SUPPLIED INFORMATION

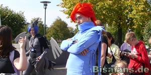 Zwischendurch traf dann auch noch der Simon ein. Dann wurde bereits etwa eine halbe Stunde früher als geplant die Anmeldung geöffnet um den Scharen von Besuchern gerecht zu werden. Es füllte sich immer mehr der Platz vor dem CentrO und Oli Petszokat begann mit seiner Moderation und brachte alle Fans in richtige Stimmung. Die Anmeldeschlange bildete sich inzwischen über die Brücke bis zu den Mofastandplätzen. Das lag wohl vornehmend an dem guten Wetter, was den ganzen Tag herrschte. An der Strandmuschel traf ich dann noch auf Christina die ich letztes Jahr kennenlernte. Es freut mich immer wieder, alte Bekannte zu treffen. Nachdem ich noch etwas gegessen hatte, quasselte ich noch hier und da und fertigte einige Con-Hon Einträge an. Nebenbei verfolgte ich noch immer das Programm. Oliver Petszokat zeigte auch dieses Jahr wieder, dass er weiß, wie es in der Welt der Pokémon zugeht und wie man die Massen begeistern kann. Gegen drei traf dann auch, etwas verspätet, Marie ein.
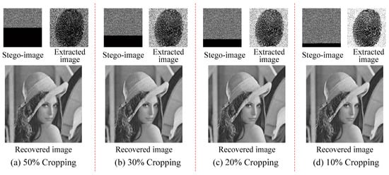 We also conducted a group of cropping tests, and the results are shown in Figure 11. To illustrate the cropping ratio more visually, cropped parts of the images are shown with black pixels. Obviously, when the stego-image was cut in half, i.e., the cropping ratio was 50% in Figure 11a, the visual effect of the extracted image was diminished by noise, but the fingerprint pattern was still discernible, and the quality of the recovered image was satisfactory. As the cropping ratio decreased, the quality of the extracted and recovered images increased.
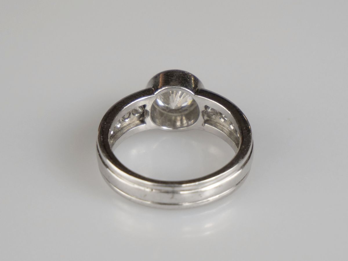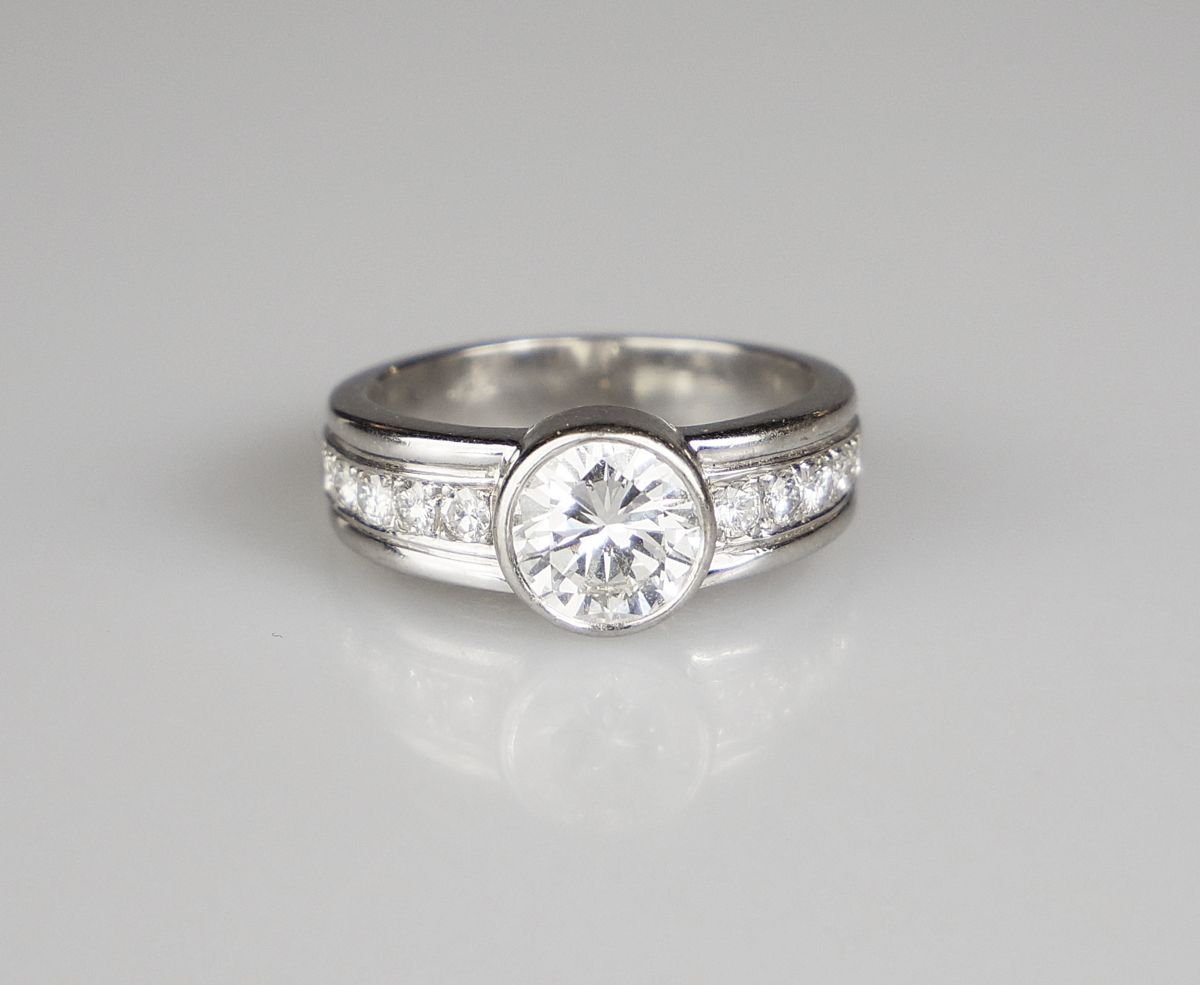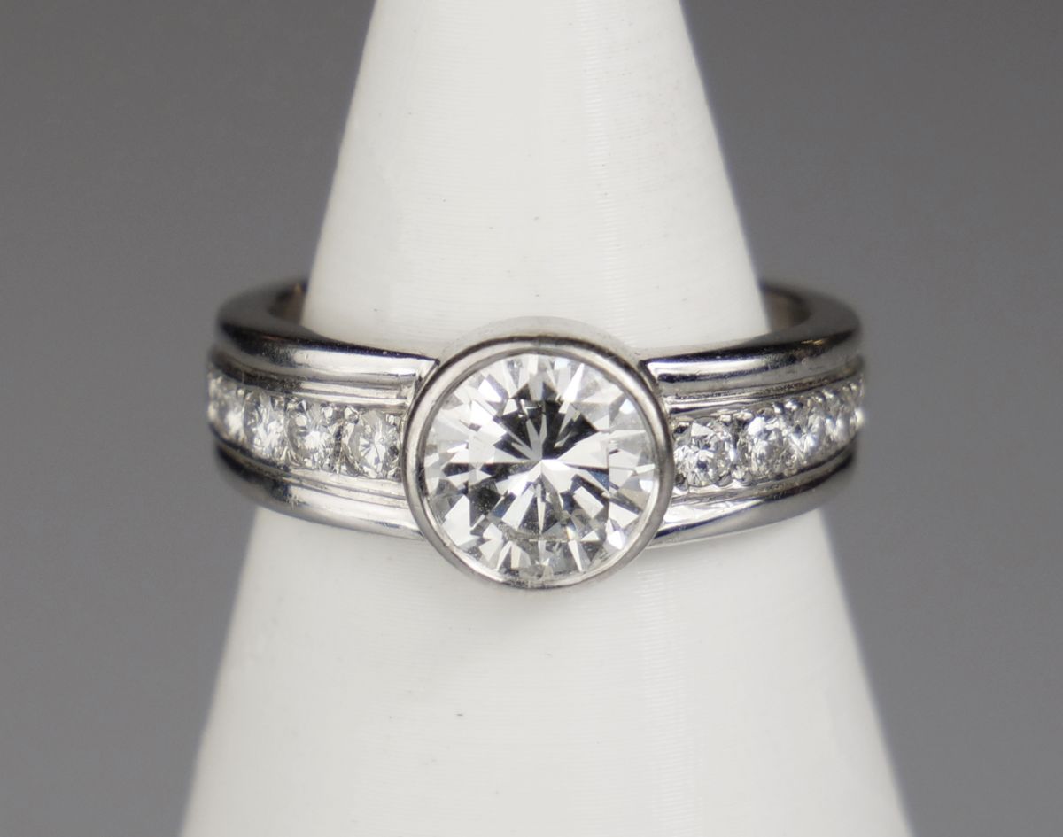 zlatý prsten s diamanty, centrální diamant briliantového brusu o hmotnosti cca 1,61 ct, vzácná bíla barva F-G, čistota VS1, vynikající symetrie brusu, dále na prstenu 10 malých diamantů briliantového brusu o hmotnosti 0,35 ct, Au 7,42 g/750/1000, Západní Evropa, kolem roku 2000; osvědčení Puncovního úřadu, znalecký posudek; velikost prstenu 56
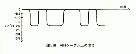 トランシーバは同軸ケーブルを電流源信号によって駆動していて、 論理値 0 または 1 がそれぞれ電流を 「流さない」または 「流す」 ことを表しています。 1台のトランシーバは約40mAの電流を流し (シールドを基準点にして同軸ケーブルの中心導体からトランシーバ へと負の電流が流れる)、同軸ケーブルの中心導体とシールドの電位差は 約2Vになります。
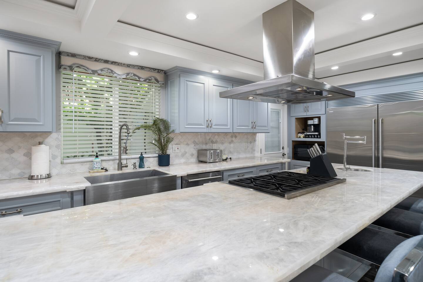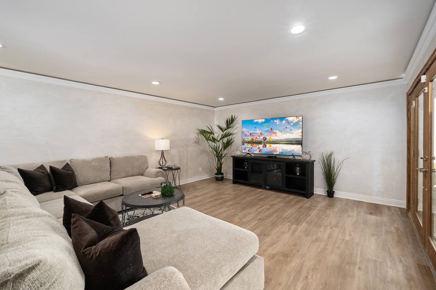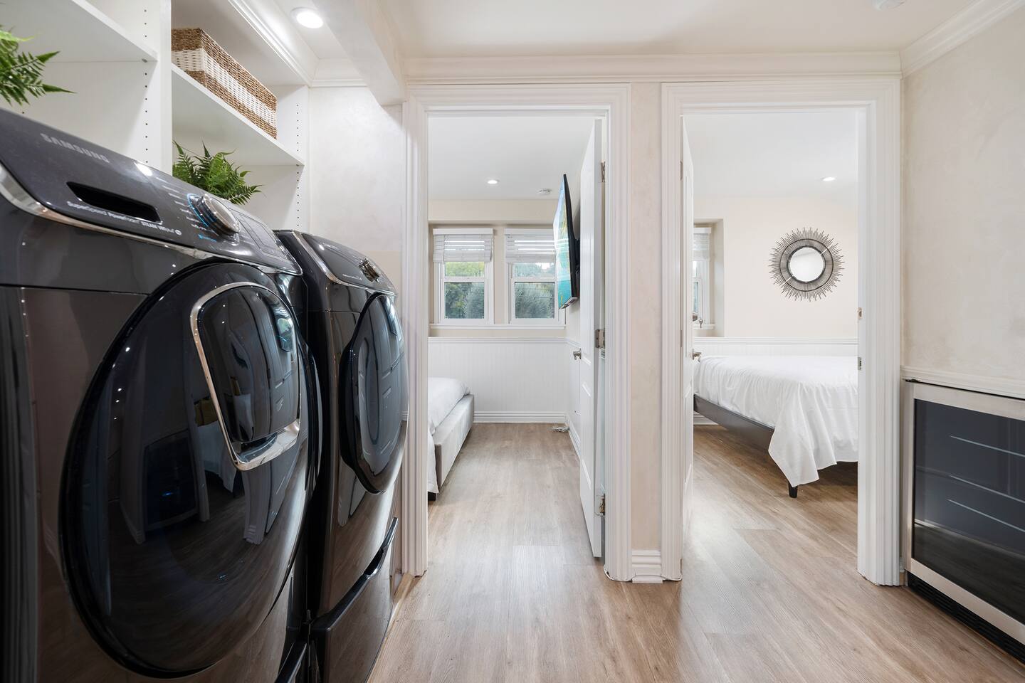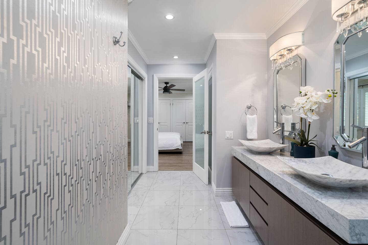 Family friendly spacious 5 bed/3 bath house has everything you need: fully equipped gourmet kitchen, brilliantly designed with quality in mind highlighted by a large center island, mini fridge, custom cut natural stone counters throughout, ample cabinet space and stainless-steel appliances. The master bedroom has a spacious en-suite bathroom with dual vanities, and a large shower. 2 car garage + large driveway which can accommodate up to 3 cars, plus plenty of parking on the street. Updated renovated bedrooms rooms are equipped with comfortable beds and cozy mattresses. Welcoming both business & leisure travelers from all around the world.

ACTIVITY
With pictures excluded, copy exactly the lines from the line containing "トランシーバは同軸ケーブルを電流源信号によって駆動していて、 論理値 0" through the last line of the listing above, both ends included.

PROBLEM SOLUTION
 トランシーバは同軸ケーブルを電流源信号によって駆動していて、 論理値 0 または 1 がそれぞれ電流を 「流さない」または 「流す」 ことを表しています。 1台のトランシーバは約40mAの電流を流し (シールドを基準点にして同軸ケーブルの中心導体からトランシーバ へと負の電流が流れる)、同軸ケーブルの中心導体とシールドの電位差は 約2Vになります。
 Family friendly spacious 5 bed/3 bath house has everything you need: fully equipped gourmet kitchen, brilliantly designed with quality in mind highlighted by a large center island, mini fridge, custom cut natural stone counters throughout, ample cabinet space and stainless-steel appliances. The master bedroom has a spacious en-suite bathroom with dual vanities, and a large shower. 2 car garage + large driveway which can accommodate up to 3 cars, plus plenty of parking on the street. Updated renovated bedrooms rooms are equipped with comfortable beds and cozy mattresses. Welcoming both business & leisure travelers from all around the world.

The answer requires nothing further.